Understanding Keyword Bid Management
According to some experts, online marketers will spend more than $7 billion on PPC campaigns by year 2010. This means that PPC campaigns are going to become more competitive and more expensive in the very near future. To help you compete, you’ll need to monitor and manage your keywords very closely. Bid management is the method by which you control the amount spent on keywords. There are two methods for bid management: manual bid management and automated bid management.
Manual bid management
Manual bid management is bid management that you conduct on your own. To manually manage your PPC bids, you must keep up with what your competition is doing, track your conversions, test and monitor the performance of existing and new keywords, watch your PPC campaigns for fraud, and make changes to all campaigns when necessary. And if you happen to be running PPC campaigns with more than one PPC provider, you must do all that for every group of PPC ads you’re running. It’s a very time-consuming process.
That fact is enough to make some people opt for using automated bid management software or services. But even with automated bid management, there are a few strategies that you’ll need to manage on your own:
■Don’t obsess over the number one slot. It’s contradictory to what you would expect, but you don’t really need to be number one. Nor can you afford to be number one in most cases. The number one slots are usually snatched up by large companies that are using PPC to boost their sales. And they often have seemingly unlimited budgets to spend on their PPC efforts. That means if you’re fighting for the number one slot, you’re likely to spend so much on that spot that your PPC campaign will be pointless.
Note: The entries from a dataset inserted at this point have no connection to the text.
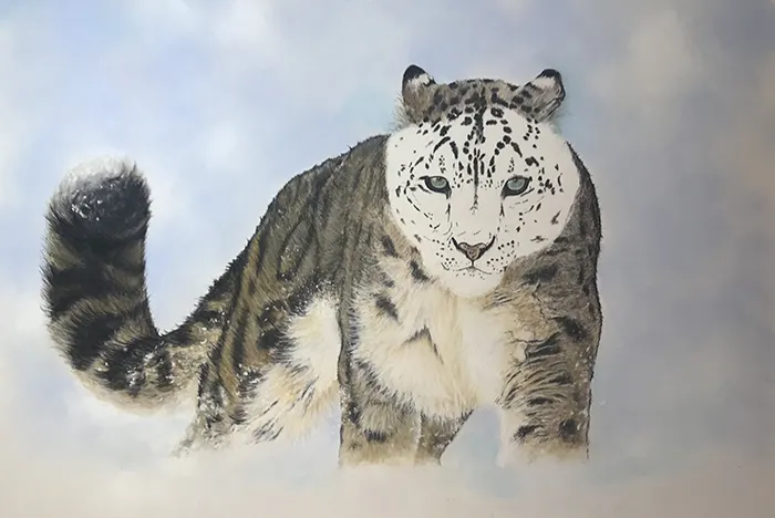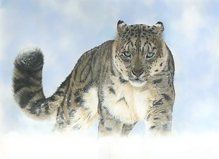This is an image of a rare adult snow leopard slowly ploughing it's way through deap snow. It's another sketch that I've attempted of an animal that I've not had the privilege of seeing in the wild and is the second in my World Leopard series.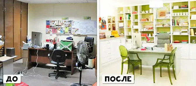 Офис — это место, где мы проводим большую часть нашего времени, и нам должно быть там уютно. Добавим цвета на стены, белоснежных полок с оригинальными аксессуарами, яркие стулья и светлый ламинат на пол, и работать здесь будет гораздо приятнее.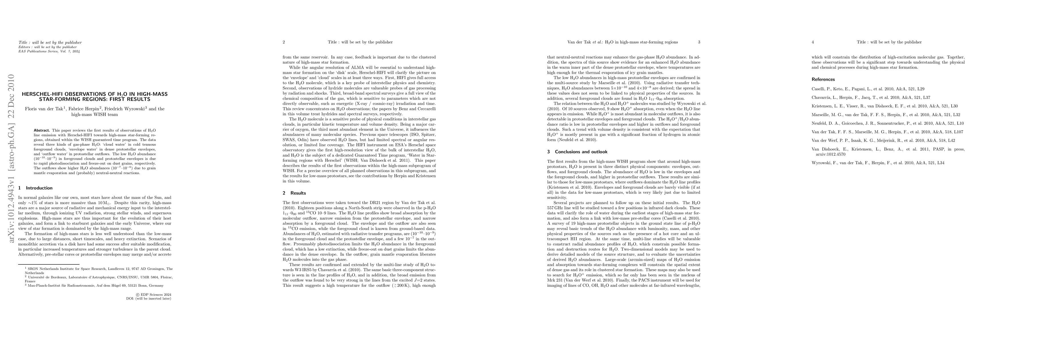 This paper reviews the first results of observations of H2O line emission with Herschel-HIFI towards high-mass star-forming regions, obtained within the WISH guaranteed time program. The data reveal three kinds of gas-phase H2O: `cloud water' in cold tenuous foreground clouds, `envelope water' in dense protostellar envelopes, and `outflow water' in protostellar outflows. The low H2O abundance (1e-10 -- 1e-9) in foreground clouds and protostellar envelopes is due to rapid photodissociation and freeze-out on dust grains, respectively. The outflows show higher H2O abundances (1e-7 -- 1e-6) due to grain mantle evaporation and (probably) neutral-neutral reactions.

Another reason to avoid the number one slot is that most people don’t trust the first ad or search result on which they click. Many people will click through several ads before they make a purchase, provide information that generates a lead, sign up for a newsletter, or whatever else it is that you’re hoping to entice them to do. Having your ad or search result a little further down than number one-say number three or four-will result in great savings and will probably be just as effective, if not more so, than if you were paying for the number one slot.
■ Select keywords for the stages in the buying process that you’re targeting. Manual bid management is often about choosing the right keywords. If you can define various steps in the purchase process then you can target each step in a different way, investing less in the research stage and more in the final purchasing stage. If you’re not selling products, there may still be stages in which you can invest, and determining which of those stages is most valuable to you will help you decide how to best spend your PPC budget.
■ Delete duplicate words from your keyword lists. Many organizations have several dif- ferent keyword lists for different departments or different stages. And often a keyword will apply on several of those lists. But you shouldn’t include a keyword on more than one list for your organization. If you do, you’ll be bidding against yourself for placement.
■ Set aside time each day to monitor your keywords and PPC campaigns. Even if you’re using a bid management application or software, hands-on management will still be required. You’ll need to monitor and make decisions for the application or software. Usually an hour or two a day is enough.
Manual bid management isn’t nearly as effective or as realistic as having an automated bid man- agement solution, unless you only have a few keywords to monitor. If you’re like most companies, though, you have dozens and even hundreds of keywords to stay on top of, and handling all of those keywords and PPC campaigns manually could be so time-consuming that it’s all you would ever do.